Re The High Cost of Canada’s ‘Free’ Roads (editorials, Aug. 24 and 26): While new tolls terrify politicians, and removing old ones clearly wins votes, free roads are really a subsidy to the car and oil industries, and a social and economic ecosystem that was the addiction of record in the 20th century.

Millennials are shunning driving licences; more and more voters have less and less interest in the continuing expansion of tarmac, or even its maintenance.

But there is another change afoot that may mean road-user charges will have to be addressed: The switch to electric vehicles will erode a fossil-fuel tax base critical to transportation infrastructure.

When in New Zealand last winter, I paid a highway tax. The owner of the vehicle I drove was able to prepurchase a number of highway trips for me, and would top up his account in due course. When in Chile, even in a rental vehicle, the transponder system made road tolls seamless, just part of the driving experience.

Even while we incentivize the purchase of electric vehicles, our leaders need to start thinking about the reality that travel in electric vehicles will have to attract road-user charges. If not, the whole infrastructure cost will be far from free and will have to be covered out of general revenue, with no contribution from fuel taxes.

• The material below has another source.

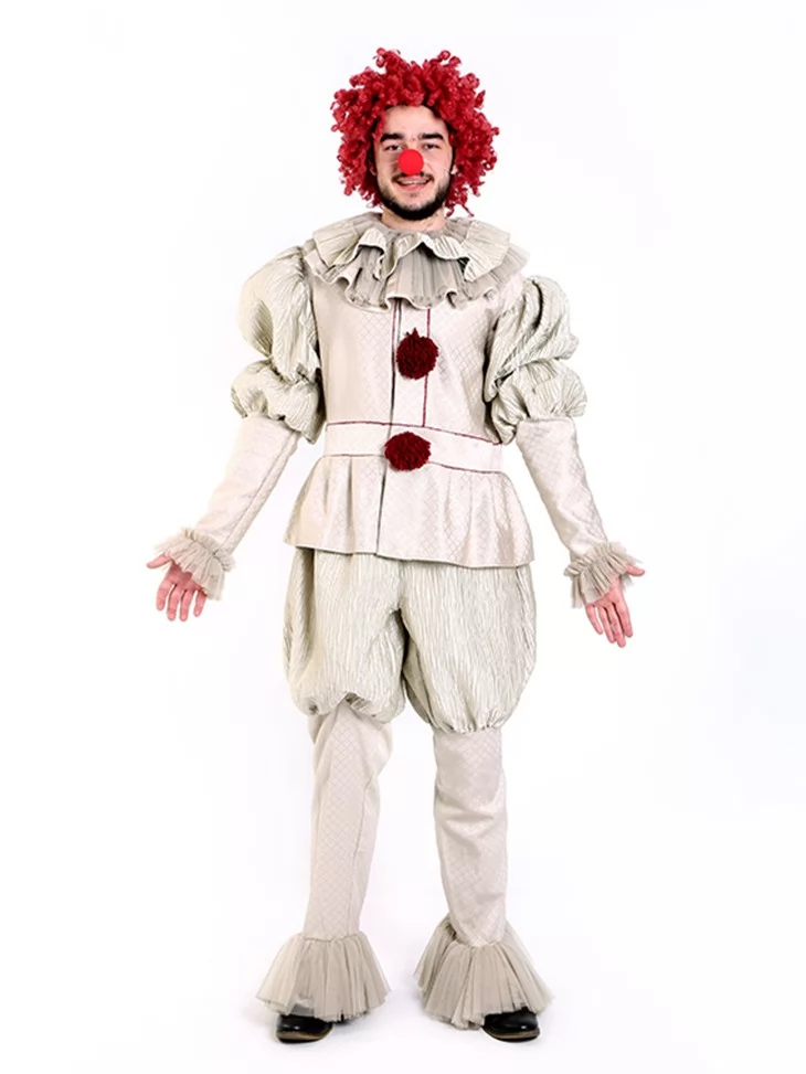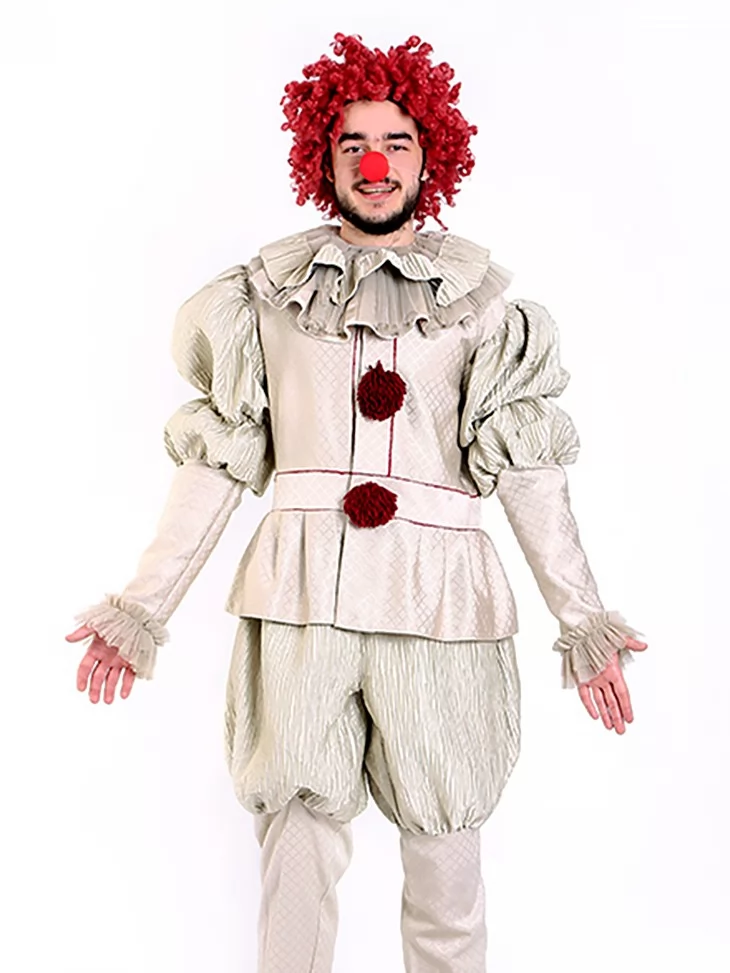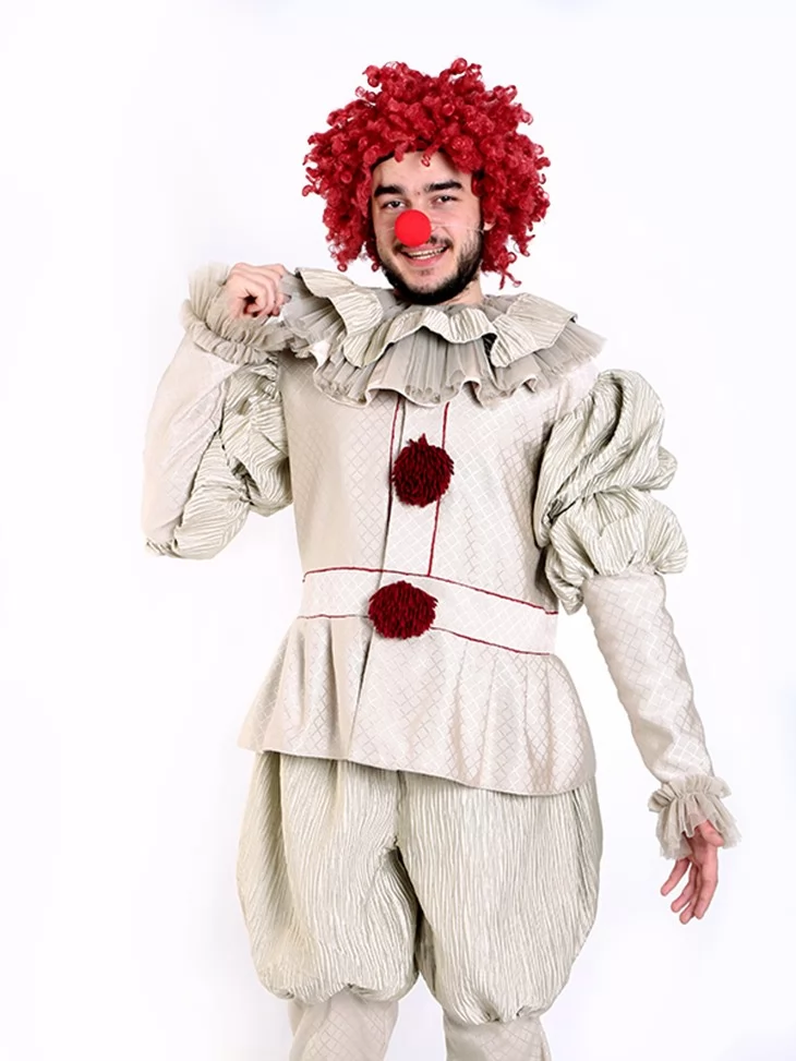 Костюм Клоуна з фільму «Воно» — це ідеальне поєднання страху та видовищності. Його вінтажний дизайн і впізнавані акценти миттєво викликають асоціації з культовим персонажем. Образ чудово підходить як для костюмованих вечірок, так і для театралізованих подій, де хочеться вразити. Пропонується в рамках послуги оренда карнавальних костюмів.

Chris M. Campbell, Nanaimo, B.C.


User-pay systems tend to favour higher-income Canadians.

Someone with money, for instance, may not hesitate to take a toll road, the cost impact to them being minimal. A minimum-wage earner, on the other hand, may put off a tolled trip unless it was an emergency.

Toll roads of the past were rejected because they were unfair. As we live through a decade of low-income growth, charging tolls would benefit those who already have enough and penalize those who are struggling.

Income tax is not a free way of paying for roads – with taxes, wealthier people tend to pay more. It’s just fairer.

Sel Burrows, Winnipeg


By all and any means, bring on tolls. Anything that puts the “true” cost of driving front and centre – particularly as we struggle with carbon’s impact on climate – is a good thing.

Sandra Wilson, Winnipeg


In arguing for the privatization of roads, the example of a car driver on vacation is troublesome. Roads, for example, are also used by trucks, and much of the economy runs on trucking. So we will still pay for it – if not as taxpayers, then as consumers.

The advantage of public ownership and free-use roads is that the cost is paid through a progressive tax system. Privatization, on the other hand, puts the onus on consumers, and this will disproportionately burden the less well-off.

Either way, there is no free ride.

Brian P. H. Green, Thunder Bay


There is an easy way to bolster tax-funded road systems such as Montreal’s $4.4-billion Champlain Bridge: Adopt equitable user pay.

That is, our federal and provincial governments should levy high-enough gasoline and diesel taxes to cover 100 per cent of the cost of construction and maintenance of “free” roads.

Dale Mills, Guelph, Ont.


When it comes to roads, the proven political strategy is to spend little, never ever talk about tolls, and put up billboards of self-congratulation wherever a road project is in progress.

But fear not, the world is changing. Pretty soon we will be able to track the whereabouts of every vehicle whether parked or in motion. More important, lots of those vehicles are going to be self-driving and owned by for-profit fleet operators.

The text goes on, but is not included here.